→ Records for the task:
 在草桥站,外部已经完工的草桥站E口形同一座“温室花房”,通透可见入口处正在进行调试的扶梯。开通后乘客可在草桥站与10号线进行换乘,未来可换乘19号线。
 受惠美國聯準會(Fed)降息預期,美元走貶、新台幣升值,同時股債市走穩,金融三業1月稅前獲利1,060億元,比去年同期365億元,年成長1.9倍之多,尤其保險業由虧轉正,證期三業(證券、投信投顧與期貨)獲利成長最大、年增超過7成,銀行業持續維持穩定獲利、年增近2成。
==
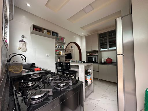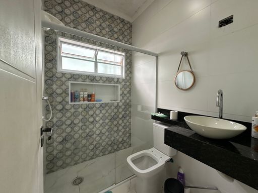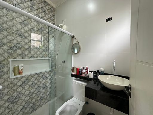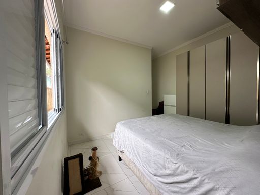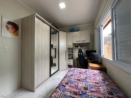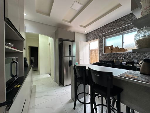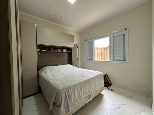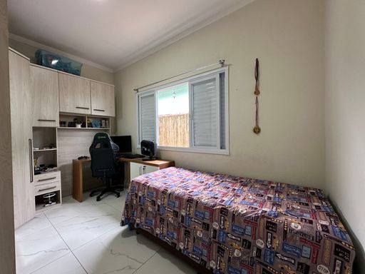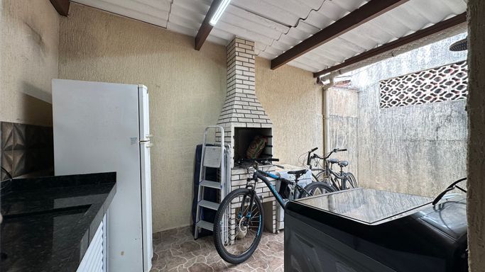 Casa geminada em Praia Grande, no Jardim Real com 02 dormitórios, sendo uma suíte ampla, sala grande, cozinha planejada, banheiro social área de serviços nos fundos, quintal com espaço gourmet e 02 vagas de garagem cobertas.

→ Task directions: Could you transcribe the entries above word for word, from the line with "在草桥站,外部已经完工的草桥" down to the line with "受惠美國聯準會(Fed)降息", keeping both?

→ Answer to the exercise:
 在草桥站,外部已经完工的草桥站E口形同一座“温室花房”,通透可见入口处正在进行调试的扶梯。开通后乘客可在草桥站与10号线进行换乘,未来可换乘19号线。
 受惠美國聯準會(Fed)降息預期,美元走貶、新台幣升值,同時股債市走穩,金融三業1月稅前獲利1,060億元,比去年同期365億元,年成長1.9倍之多,尤其保險業由虧轉正,證期三業(證券、投信投顧與期貨)獲利成長最大、年增超過7成,銀行業持續維持穩定獲利、年增近2成。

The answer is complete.